Locate each line below that includes "building" and reproduce it.

Segment Start: RECORDS PROVIDED

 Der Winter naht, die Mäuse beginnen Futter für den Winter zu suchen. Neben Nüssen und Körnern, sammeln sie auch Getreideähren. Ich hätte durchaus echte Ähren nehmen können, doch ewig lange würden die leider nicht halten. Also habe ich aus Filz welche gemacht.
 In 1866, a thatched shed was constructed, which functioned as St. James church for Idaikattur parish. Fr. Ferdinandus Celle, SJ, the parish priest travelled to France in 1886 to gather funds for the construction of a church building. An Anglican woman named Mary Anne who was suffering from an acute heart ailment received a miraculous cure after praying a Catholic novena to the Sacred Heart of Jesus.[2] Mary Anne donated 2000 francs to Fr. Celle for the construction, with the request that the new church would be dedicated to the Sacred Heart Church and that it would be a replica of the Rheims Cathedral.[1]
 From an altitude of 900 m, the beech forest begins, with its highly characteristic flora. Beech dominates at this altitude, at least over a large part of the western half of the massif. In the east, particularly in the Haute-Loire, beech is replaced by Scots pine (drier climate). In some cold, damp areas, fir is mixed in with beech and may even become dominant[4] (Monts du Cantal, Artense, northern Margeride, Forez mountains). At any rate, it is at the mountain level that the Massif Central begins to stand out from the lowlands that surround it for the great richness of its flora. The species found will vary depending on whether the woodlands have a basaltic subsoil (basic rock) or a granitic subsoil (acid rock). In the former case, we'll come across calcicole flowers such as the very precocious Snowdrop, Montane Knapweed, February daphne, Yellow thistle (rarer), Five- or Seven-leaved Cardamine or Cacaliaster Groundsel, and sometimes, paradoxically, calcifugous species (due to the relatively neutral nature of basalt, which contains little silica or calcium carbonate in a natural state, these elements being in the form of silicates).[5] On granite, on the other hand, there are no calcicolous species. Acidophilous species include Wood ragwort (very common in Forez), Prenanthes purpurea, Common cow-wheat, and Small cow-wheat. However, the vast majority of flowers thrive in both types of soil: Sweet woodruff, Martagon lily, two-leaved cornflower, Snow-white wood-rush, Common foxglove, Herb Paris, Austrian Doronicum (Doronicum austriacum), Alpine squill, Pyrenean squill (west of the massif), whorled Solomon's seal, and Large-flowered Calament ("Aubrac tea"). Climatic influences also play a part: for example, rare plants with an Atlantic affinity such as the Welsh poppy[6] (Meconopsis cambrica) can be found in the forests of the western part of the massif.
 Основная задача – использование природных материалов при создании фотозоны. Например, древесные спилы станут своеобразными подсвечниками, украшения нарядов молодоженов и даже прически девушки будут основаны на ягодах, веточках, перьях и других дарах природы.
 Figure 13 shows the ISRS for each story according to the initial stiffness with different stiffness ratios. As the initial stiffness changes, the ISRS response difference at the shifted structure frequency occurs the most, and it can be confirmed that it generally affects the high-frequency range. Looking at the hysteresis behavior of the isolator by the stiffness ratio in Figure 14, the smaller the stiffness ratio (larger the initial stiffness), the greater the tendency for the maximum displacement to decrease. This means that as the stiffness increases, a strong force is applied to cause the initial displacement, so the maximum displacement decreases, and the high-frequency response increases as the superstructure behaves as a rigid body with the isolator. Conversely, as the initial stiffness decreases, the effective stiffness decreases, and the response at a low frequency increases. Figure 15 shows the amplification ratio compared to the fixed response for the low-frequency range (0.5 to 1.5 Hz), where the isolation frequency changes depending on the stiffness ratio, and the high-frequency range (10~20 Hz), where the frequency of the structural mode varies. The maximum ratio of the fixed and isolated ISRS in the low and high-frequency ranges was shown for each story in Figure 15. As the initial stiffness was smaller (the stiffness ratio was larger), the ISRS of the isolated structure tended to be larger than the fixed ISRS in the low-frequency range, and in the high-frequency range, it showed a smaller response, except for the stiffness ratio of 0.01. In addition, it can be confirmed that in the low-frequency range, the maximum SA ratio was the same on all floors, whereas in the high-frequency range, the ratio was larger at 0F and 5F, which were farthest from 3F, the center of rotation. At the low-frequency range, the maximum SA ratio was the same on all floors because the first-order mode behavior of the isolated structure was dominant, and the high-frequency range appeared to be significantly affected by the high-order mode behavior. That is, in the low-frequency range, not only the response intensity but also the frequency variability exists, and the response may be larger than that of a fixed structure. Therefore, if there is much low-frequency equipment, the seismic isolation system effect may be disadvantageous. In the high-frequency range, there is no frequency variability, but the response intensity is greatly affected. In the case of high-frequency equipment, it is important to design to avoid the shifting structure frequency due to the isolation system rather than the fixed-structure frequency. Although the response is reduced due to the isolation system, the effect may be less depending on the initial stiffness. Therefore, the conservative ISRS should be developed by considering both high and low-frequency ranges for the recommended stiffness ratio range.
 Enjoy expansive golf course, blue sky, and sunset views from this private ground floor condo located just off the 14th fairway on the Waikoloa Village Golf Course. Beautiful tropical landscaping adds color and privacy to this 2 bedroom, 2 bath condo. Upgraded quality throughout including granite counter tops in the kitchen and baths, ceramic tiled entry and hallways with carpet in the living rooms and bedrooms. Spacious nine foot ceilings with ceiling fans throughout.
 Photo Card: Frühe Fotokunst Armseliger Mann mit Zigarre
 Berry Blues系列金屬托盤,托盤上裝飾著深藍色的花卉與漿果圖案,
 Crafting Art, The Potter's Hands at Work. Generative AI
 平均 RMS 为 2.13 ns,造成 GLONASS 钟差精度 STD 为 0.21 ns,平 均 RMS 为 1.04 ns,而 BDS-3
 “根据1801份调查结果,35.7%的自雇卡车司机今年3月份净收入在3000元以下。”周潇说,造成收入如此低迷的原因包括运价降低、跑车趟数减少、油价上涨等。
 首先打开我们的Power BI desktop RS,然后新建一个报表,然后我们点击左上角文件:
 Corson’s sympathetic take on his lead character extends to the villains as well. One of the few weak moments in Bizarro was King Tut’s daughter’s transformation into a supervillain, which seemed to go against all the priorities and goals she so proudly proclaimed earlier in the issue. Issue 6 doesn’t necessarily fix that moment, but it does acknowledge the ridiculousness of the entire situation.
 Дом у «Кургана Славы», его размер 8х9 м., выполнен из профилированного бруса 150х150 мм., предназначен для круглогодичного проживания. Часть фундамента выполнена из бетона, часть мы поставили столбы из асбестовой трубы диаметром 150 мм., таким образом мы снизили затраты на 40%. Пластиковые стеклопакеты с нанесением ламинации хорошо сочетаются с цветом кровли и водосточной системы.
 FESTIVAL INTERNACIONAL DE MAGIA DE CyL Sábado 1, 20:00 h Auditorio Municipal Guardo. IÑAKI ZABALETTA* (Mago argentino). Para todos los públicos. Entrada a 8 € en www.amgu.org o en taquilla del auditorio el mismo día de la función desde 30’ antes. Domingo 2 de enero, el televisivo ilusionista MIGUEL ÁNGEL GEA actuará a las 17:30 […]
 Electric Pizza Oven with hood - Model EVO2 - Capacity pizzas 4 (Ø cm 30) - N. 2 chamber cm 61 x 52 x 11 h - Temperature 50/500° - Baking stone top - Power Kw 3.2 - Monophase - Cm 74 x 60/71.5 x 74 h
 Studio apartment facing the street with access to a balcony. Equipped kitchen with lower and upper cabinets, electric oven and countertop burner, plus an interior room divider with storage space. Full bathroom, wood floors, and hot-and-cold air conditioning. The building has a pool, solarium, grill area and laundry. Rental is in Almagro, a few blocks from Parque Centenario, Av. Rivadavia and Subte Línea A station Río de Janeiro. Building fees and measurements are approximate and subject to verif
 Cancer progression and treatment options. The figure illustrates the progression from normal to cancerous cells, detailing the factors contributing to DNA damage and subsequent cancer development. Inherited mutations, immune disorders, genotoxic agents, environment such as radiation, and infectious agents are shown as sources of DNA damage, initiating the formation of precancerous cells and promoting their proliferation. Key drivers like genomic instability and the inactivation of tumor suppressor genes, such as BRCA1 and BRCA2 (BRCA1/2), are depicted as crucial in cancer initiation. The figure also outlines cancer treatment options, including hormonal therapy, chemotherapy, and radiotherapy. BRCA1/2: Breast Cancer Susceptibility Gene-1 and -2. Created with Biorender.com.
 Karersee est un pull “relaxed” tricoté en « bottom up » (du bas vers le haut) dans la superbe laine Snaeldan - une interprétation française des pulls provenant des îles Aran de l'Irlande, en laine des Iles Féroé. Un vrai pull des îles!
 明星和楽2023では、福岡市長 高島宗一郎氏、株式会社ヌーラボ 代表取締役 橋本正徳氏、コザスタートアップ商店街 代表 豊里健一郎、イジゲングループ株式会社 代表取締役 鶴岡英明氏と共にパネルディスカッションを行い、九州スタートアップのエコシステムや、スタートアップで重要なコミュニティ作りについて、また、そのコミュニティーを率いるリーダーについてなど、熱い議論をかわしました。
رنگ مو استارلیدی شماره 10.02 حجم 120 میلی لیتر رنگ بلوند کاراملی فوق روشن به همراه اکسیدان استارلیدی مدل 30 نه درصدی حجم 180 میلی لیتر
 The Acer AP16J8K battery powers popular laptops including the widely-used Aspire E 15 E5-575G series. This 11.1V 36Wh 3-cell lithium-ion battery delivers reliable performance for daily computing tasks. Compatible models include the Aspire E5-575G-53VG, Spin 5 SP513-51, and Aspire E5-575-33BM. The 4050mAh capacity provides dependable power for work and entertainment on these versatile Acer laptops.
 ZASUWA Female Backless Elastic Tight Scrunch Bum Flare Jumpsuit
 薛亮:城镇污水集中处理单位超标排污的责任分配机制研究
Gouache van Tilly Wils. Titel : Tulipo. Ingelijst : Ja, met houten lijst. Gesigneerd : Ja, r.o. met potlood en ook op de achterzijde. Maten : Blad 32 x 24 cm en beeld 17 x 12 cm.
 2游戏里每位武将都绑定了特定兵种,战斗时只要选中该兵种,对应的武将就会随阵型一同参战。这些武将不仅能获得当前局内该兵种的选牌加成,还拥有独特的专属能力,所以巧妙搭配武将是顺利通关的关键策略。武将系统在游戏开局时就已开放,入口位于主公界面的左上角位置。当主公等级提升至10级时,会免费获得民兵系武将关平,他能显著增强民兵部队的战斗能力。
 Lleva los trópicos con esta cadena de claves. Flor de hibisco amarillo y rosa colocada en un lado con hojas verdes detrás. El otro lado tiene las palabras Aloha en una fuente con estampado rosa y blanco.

Segment End: RECORDS PROVIDED

### TASK ANSWER
 In 1866, a thatched shed was constructed, which functioned as St. James church for Idaikattur parish. Fr. Ferdinandus Celle, SJ, the parish priest travelled to France in 1886 to gather funds for the construction of a church building. An Anglican woman named Mary Anne who was suffering from an acute heart ailment received a miraculous cure after praying a Catholic novena to the Sacred Heart of Jesus.[2] Mary Anne donated 2000 francs to Fr. Celle for the construction, with the request that the new church would be dedicated to the Sacred Heart Church and that it would be a replica of the Rheims Cathedral.[1]
 Studio apartment facing the street with access to a balcony. Equipped kitchen with lower and upper cabinets, electric oven and countertop burner, plus an interior room divider with storage space. Full bathroom, wood floors, and hot-and-cold air conditioning. The building has a pool, solarium, grill area and laundry. Rental is in Almagro, a few blocks from Parque Centenario, Av. Rivadavia and Subte Línea A station Río de Janeiro. Building fees and measurements are approximate and subject to verif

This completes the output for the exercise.